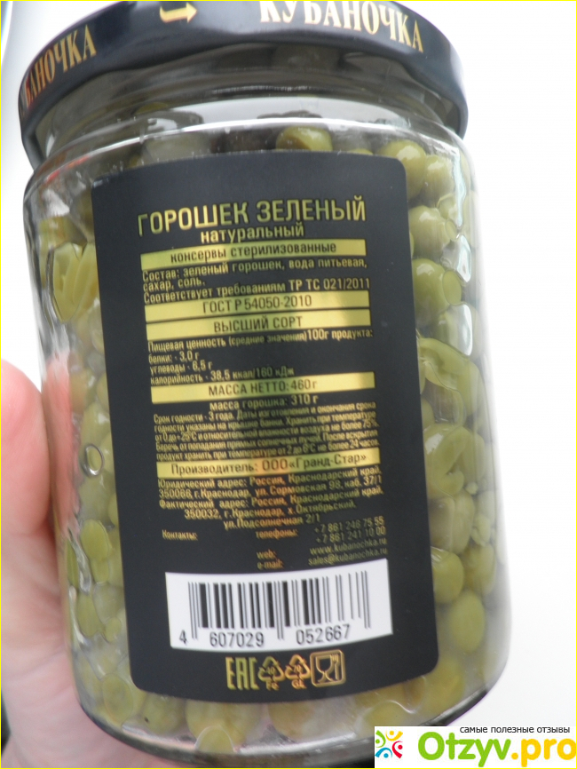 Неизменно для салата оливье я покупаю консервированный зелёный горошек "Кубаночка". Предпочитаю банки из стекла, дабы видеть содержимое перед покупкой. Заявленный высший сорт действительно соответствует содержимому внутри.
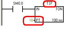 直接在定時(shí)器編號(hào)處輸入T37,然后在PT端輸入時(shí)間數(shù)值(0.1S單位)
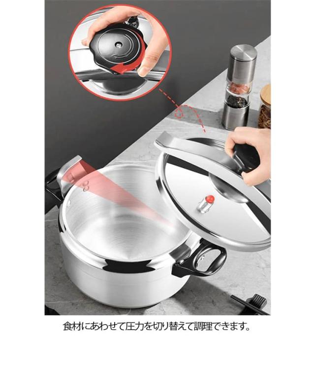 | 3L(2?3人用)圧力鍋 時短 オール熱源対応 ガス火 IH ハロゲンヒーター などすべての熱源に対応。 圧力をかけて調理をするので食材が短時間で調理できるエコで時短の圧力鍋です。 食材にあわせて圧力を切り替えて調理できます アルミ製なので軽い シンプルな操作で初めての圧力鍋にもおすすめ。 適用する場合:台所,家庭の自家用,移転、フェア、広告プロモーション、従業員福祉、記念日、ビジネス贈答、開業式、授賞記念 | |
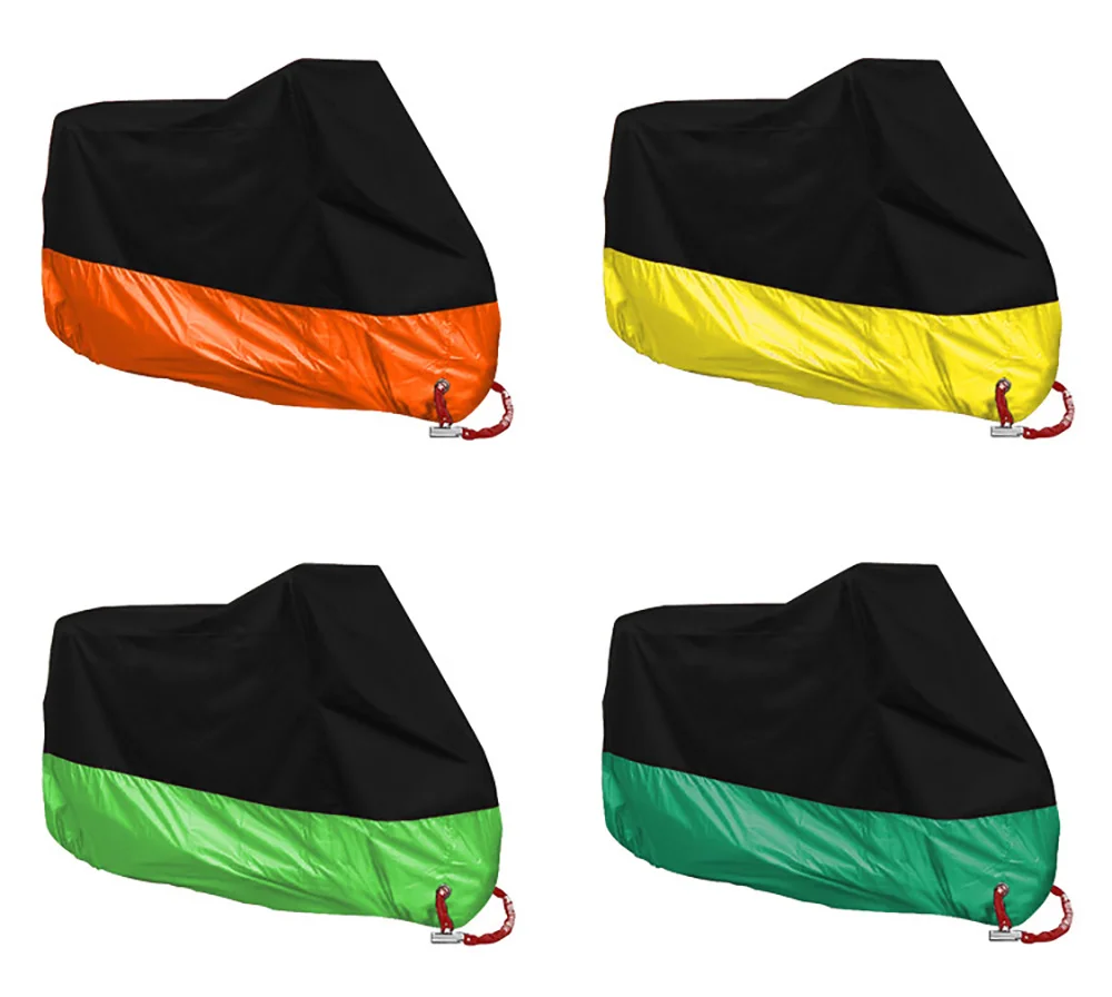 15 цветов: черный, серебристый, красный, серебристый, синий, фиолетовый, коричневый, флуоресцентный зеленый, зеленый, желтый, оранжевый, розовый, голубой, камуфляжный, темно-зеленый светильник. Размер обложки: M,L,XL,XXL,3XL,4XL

────────

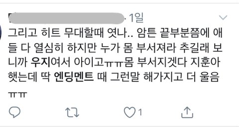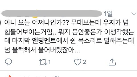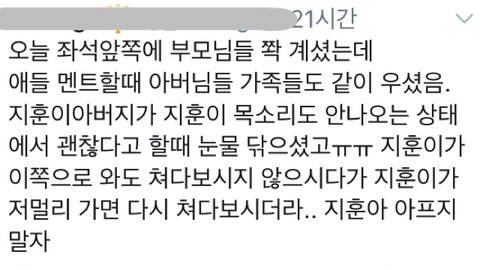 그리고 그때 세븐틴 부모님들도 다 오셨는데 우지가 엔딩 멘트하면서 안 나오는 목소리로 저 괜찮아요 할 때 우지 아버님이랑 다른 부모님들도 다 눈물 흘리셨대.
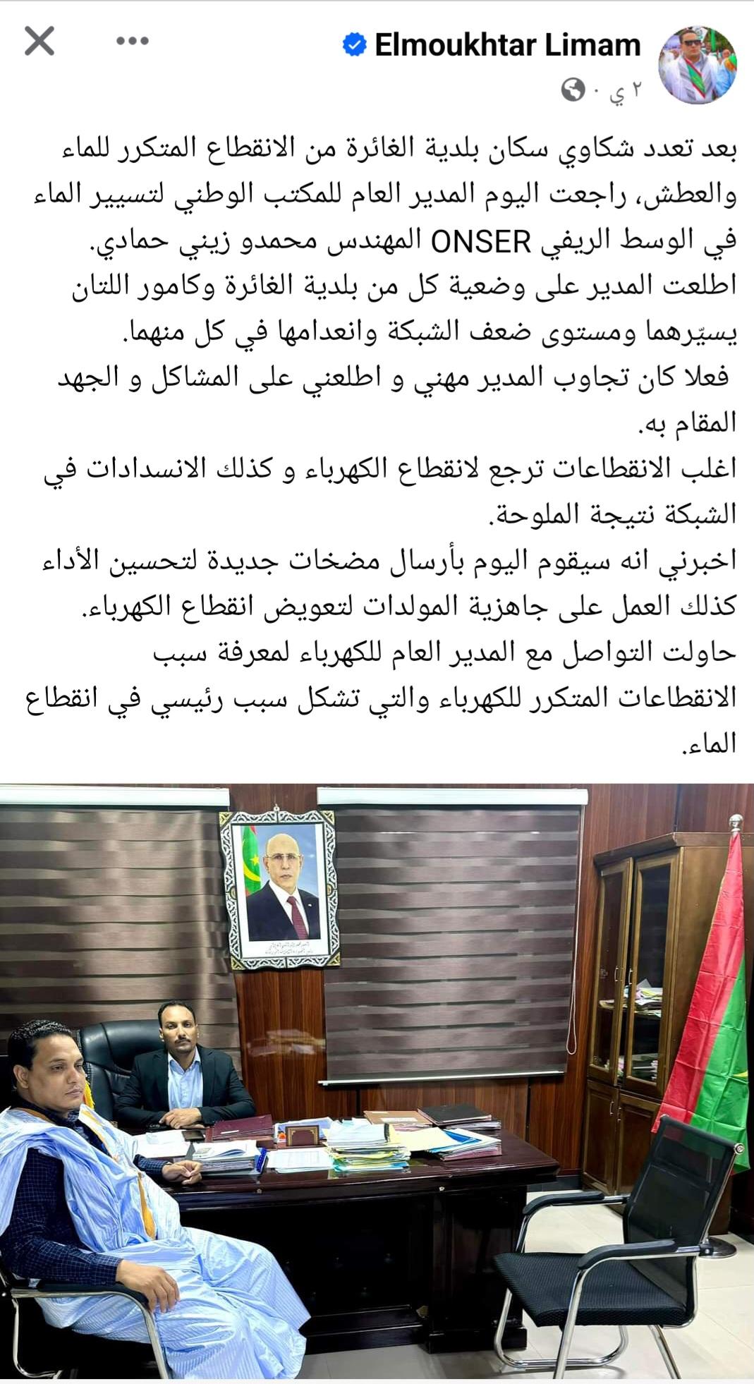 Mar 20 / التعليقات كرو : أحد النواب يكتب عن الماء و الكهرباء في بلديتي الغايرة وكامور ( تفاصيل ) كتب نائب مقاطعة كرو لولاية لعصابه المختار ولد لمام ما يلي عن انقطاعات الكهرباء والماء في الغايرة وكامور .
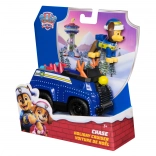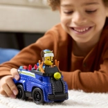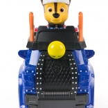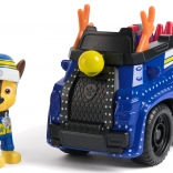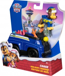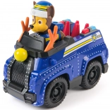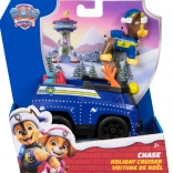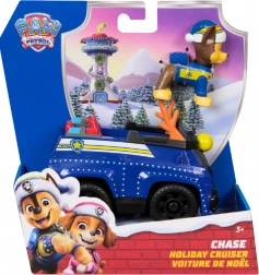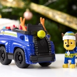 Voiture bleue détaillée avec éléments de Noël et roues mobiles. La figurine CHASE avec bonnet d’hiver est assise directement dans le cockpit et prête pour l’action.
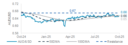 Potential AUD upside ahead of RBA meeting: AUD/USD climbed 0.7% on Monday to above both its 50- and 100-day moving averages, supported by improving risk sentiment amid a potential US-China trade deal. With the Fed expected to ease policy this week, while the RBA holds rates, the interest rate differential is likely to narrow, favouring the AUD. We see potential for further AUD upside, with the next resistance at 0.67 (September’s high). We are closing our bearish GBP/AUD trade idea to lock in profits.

────────

Within the listing above, the lines from the one with "直接在定時(shí)器編號(hào)處輸" through the one with "適用する場合:台所,家庭の自家用,移転、フェア、広告プロモーション、従業員福祉、記念日、ビジネス贈答、開業式、授賞記念 | |" are to be given again word for word. Do not include pictures.

 直接在定時(shí)器編號(hào)處輸入T37,然后在PT端輸入時(shí)間數(shù)值(0.1S單位)
 | 3L(2?3人用)圧力鍋 時短 オール熱源対応 ガス火 IH ハロゲンヒーター などすべての熱源に対応。 圧力をかけて調理をするので食材が短時間で調理できるエコで時短の圧力鍋です。 食材にあわせて圧力を切り替えて調理できます アルミ製なので軽い シンプルな操作で初めての圧力鍋にもおすすめ。 適用する場合:台所,家庭の自家用,移転、フェア、広告プロモーション、従業員福祉、記念日、ビジネス贈答、開業式、授賞記念 | |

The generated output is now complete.